Scientists like to keep things simple, so the name does actually mean that there are a bunch of rocks around the location, sticking out of the sand.
But it's not the rocks that Curiosity is interested in, it's the sand itself. Part science experiment part instrument testing, Curiosity is getting ready to take its first scoop of sand and analyze it with its internal laboratory.
The NASA team has been looking for a good location to test the scoop; it needed soft sand to do it. It stumbled upon just such a location at Rocknest earlier this week.
To check whether the sand was indeed soft enough for scooping, Curiosity did something you and I might to do, it tested it with its feet (wheels).
It simply ran over a small sand dune with one of its wheels and then backed down. The imprint it left on the sand confirmed that it was soft enough.
Next, Curiosity will actually scoop some sand and run it through its complex CHIMRA (Collection and Handling for Interior Martian Rock Analysis) system.
"We now have reached an important phase that will get the first solid samples into the analytical instruments in about two weeks," Mission Manager Michael Watkins of NASA's Jet Propulsion Laboratory (JPL) said.
Curiosity will do this three times, but the sand will reach the analysis chamber only the last time.
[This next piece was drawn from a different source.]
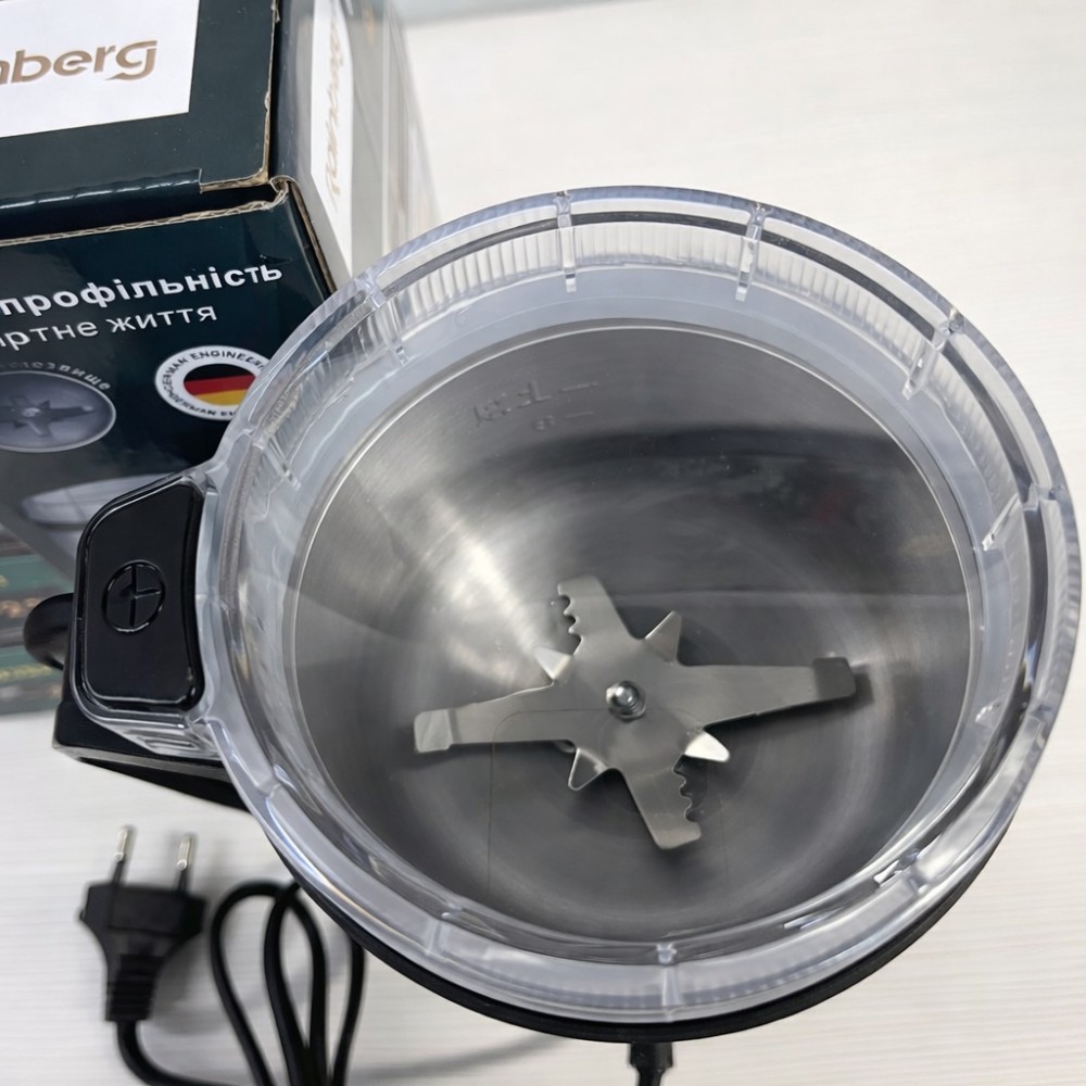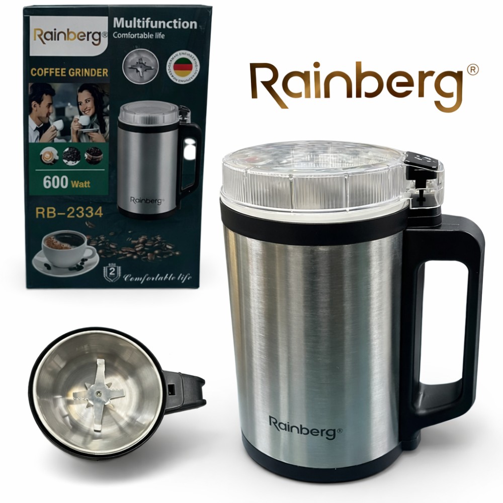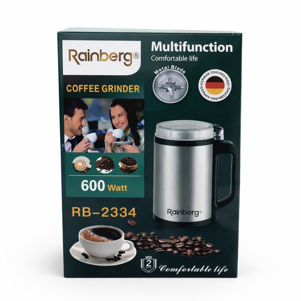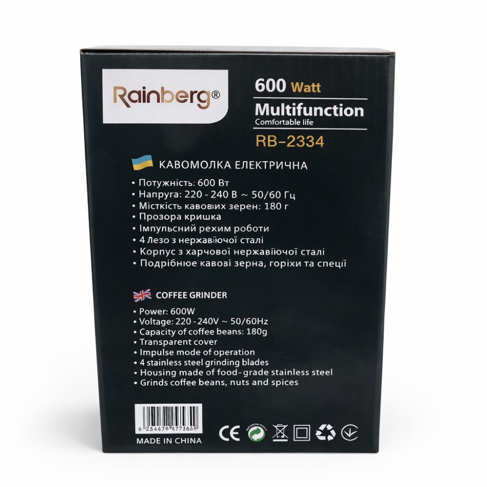 Опис Електрична кавомолка Rainberg RB-2334 — це потужний і компактний кухонний прилад для швидкого та рівномірного подрібнення кавових зерен, горіхів, насіння, спецій і круп. Потужність 600 Вт забезпечує ефективну роботу навіть із твердими інгредієнтами, а чотири гострі леза з нержавіючої сталі гарантують однорідний помел за лічені секунди. Міцний корпус із нержавіючої сталі стійкий до зношування та легко очищується. Прозора кришка дозволяє контролювати процес подрібнення, а імпульсний режим роботи забезпечує точний результат без перегріву продуктів. Кавомолка має компактні розміри, зручну ручку та проста у використанні — ідеальне рішення для щоденного застосування на кухні. Переваги Висока потужність 600 Вт 4 леза з нержавіючої сталі для рівномірного помелу Підходить для кави, горіхів, спецій і круп Імпульсний режим роботи Прозора кришка для контролю процесу Міцний корпус з нержавіючої сталі Компактний розмір і зручне зберігання Просте керування одним натисканням Характеристики Модель: Rainberg RB-2334 Тип: кавомолка електрична Потужність: 600 Вт Напруга: 220–240 В, 50/60 Гц Кількість лез: 4 Матеріал лез: нержавіюча сталь Матеріал корпусу: нержавіюча сталь Тип керування: механічний Режим роботи: імпульсний Призначення: кава, горіхи, насіння, спеції, крупи Комплектація Кавомолка Rainberg RB-2334 Інструкція з експлуатації Заводська упаковка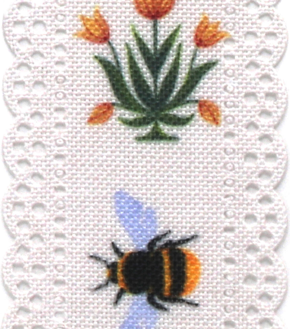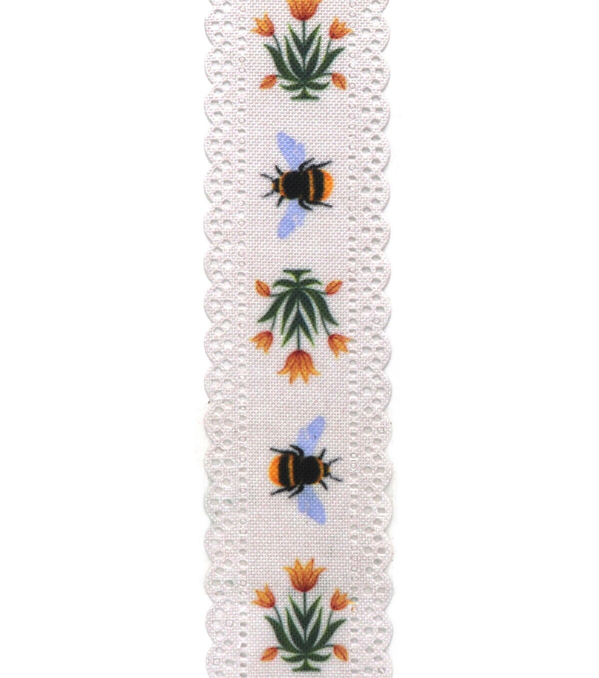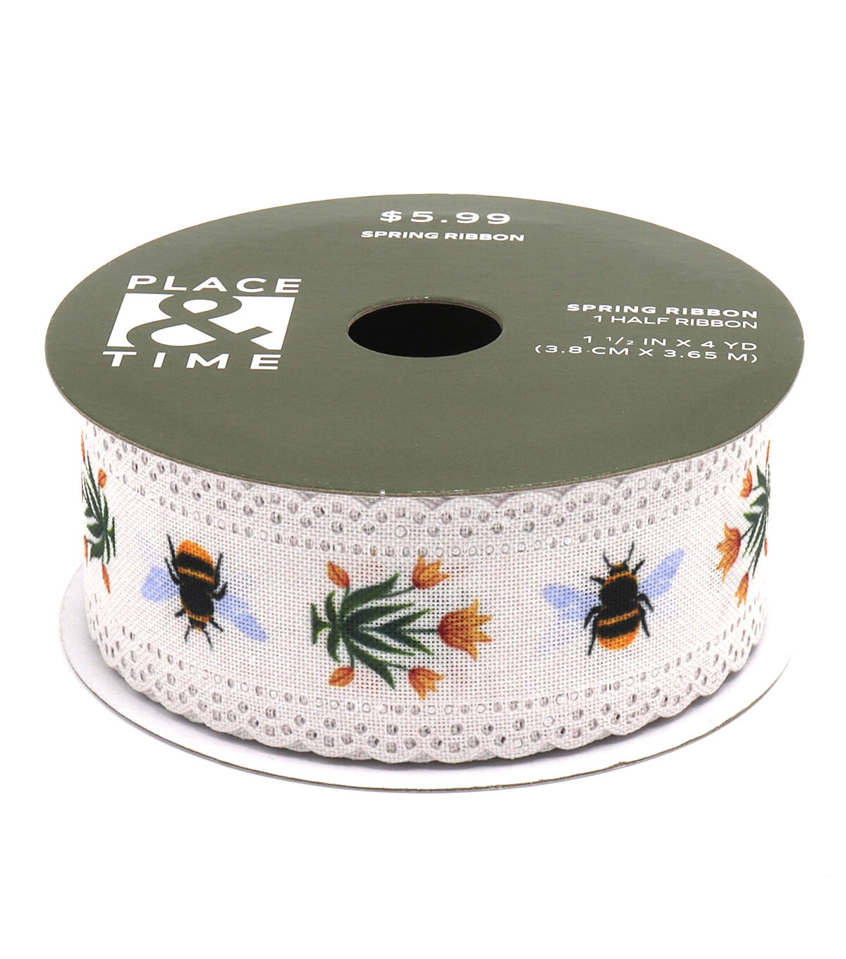 Take your seasonal centerpiece to the next level by decorating it with the Spring Scalloped Edge Floral & Bees Ribbon by Place & Time. This linen ribbon in white displays a print of flowers and bees. It is designed with a scalloped edge for visual appeal. You can also wrap this spring ribbon around candles, flower vases, wall hangings and more.

CHIMRA must first be cleansed of any contaminants that may be left from Earth, the trip to Mars or even the trip to the current location.
On the third try, a portion of the sand scooped up will be directed to CheMin, the chemistry and mineralogy instrument aboard Curiosity which will be used to determine the nature of the minerals in the sample.
A fourth scoop will direct will also send a portion to the "sample analysis on Mars" (SAM) instrument, which is used to identify chemical elements. SAM consists of three different instruments, a gas chromatograph, a quadrupole mass spectrometer and a laser spectrometer.
All of this will take about two weeks, during which time Curiosity will remain at the Rocknest location.
The results from the analysis will be available at that time, but scientists don't expect to find anything spectacular at this time. This experiment is more about testing Curiosity's systems than scientific discoveries.
After that, Curiosity will travel about 100m towards another area where it will get to use its drill for the first time to "look" inside a rock.
Curiosity's been on Mars for 60 Sols (Martian days) now and it's been on the move for 50 Sols. In that time it covered about 500m, 484m if you want to be exact. It's still got some 176m to travel to its next big destination, Glenelg.